“No answer, but there’s music going,” he told his partner, leaning into the car.
The driver listened to the squawk box a moment and then got out of the car. “You take that side,” he answered, pointing south with his thumb. “I’ll try the other house. Maybe the neighbors heard something.”
“Couldn’t have been much or they’d be breathing down our necks by now,” the first policeman said.
“Better ask just the same.”
An elderly man was cultivating with a one-prong cultivator around some rose bushes behind the house south of the Pettigrew house. The young cop asked him what he knew to cause a police call about next door. Nothing. See the people go out? No, he hadn’t noticed anyone leave. Pettigrews had no car. Roomer had a car, but garage looked locked. You could see the padlock. What kind of people? Ordinary. Never bothered anybody. Radio seemed a bit loud lately? Like now? The old man shook his head. Wasn’t loud now. Had been earlier. What time they turn it down? He didn’t know. Heck, why would he? An hour, half an hour. Nothing been happening around here, officer. I been out pottering all morning. Somebody called in, the officer said. Must be a mistake, the old man said. Anybody else in his house? His house? The old man shook his head. Nope, not now. The wife had gone to the beauty parlor. She went for that purple stuff they were putting on white hair nowadays. He chuckled. The young cop hadn’t thought he had a chuckle in him, the way he kept pecking at those roses, kind of short and cross.

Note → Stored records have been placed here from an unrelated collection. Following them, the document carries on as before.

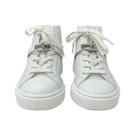 Hermes Get Up Sneakers Shoes Canvas Leather Beige White Unused High Cut
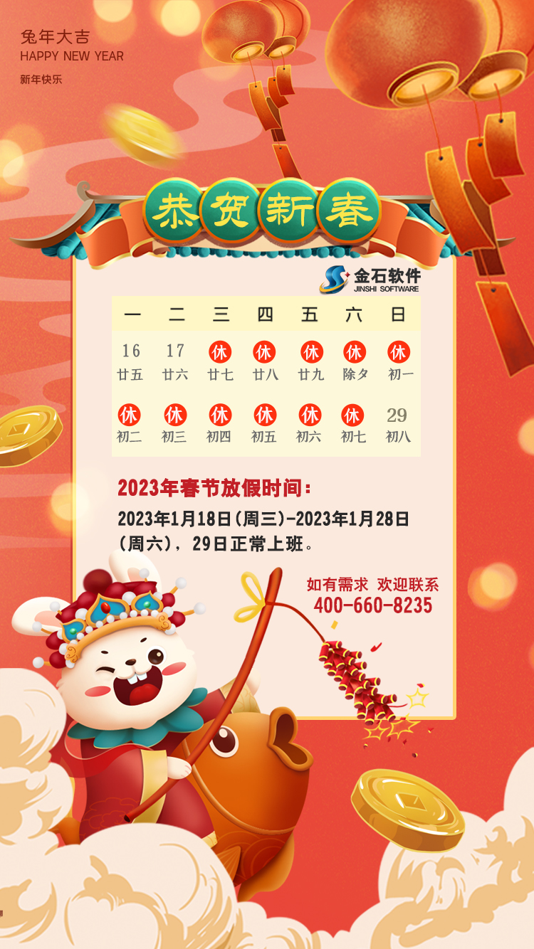 金石軟件茲定于2023年1月18日開始新春假期,1月29日日恢復營業(yè),假期雖至,如您有需求仍可以撥打400-660-8235或您所知曉的軟件工程師電話獲取服務。
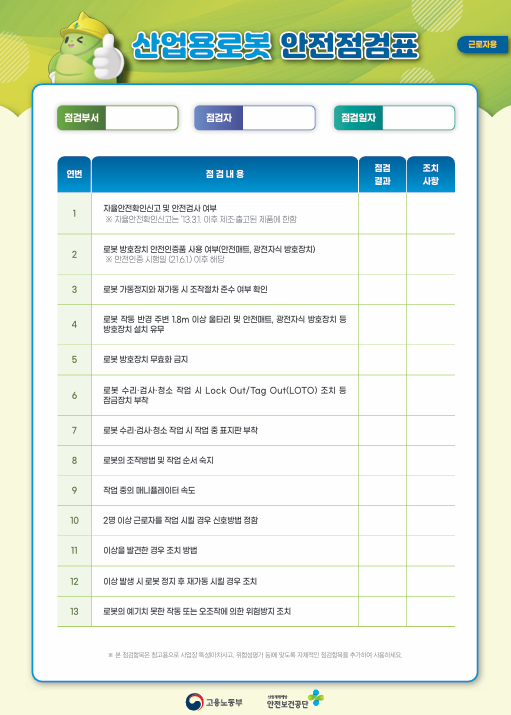 산업안전보건공단에서는 위의 3가지 조문이 모두 담긴 체크리스트를 배포하고 있다. 사업장에서는 아차사고, 위험성평가 등 사업장 특성에 맞도록 자체적인 점검항목을 추가하여 사용해서 안전활동을 할 수 있다.

On the other side of the Pettigrew house where the driver of the radio car went nobody answered the front door. The policeman went around back and saw a child of indeterminate age and sex trying to kick the slats out of a play pen. The child needed its nose wiped and looked as if it preferred it that way. The officer banged at the back door and got a lank-haired slattern of a woman. When she opened the door some damn-fool soap opera poured out of the kitchen and he could see that she was listening to it with the passionate attention of an engineer squad clearing a minefield. She hadn’t heard a darn thing, she screamed at him, timing her answer neatly between two lines of dopey dialogue. She didn’t have no time to bother with what went on anywheres else. Radio next door? Yes, she guessed they had one. Might have heard it once in a while. Could she turn that thing down a little, the cop asked her, scowling at the table radio on the kitchen sink. She said she could, but didn’t aim to. A thin dark girl with hair as lank as her mother’s appeared suddenly from nowhere and stood about six inches from the officer’s stomach and stared up his shirt front at him. He moved back and she stayed right with him. He decided he was going to get mad in a minute. Didn’t hear anything at all, huh? he yelled at the woman. She held up her hand for silence, listened to a brief interchange of sparkling slop from the radio and then shook her head. She started to close the door before he was half through it. The little girl speeded him on his way with a short sharp and efficient raspberry.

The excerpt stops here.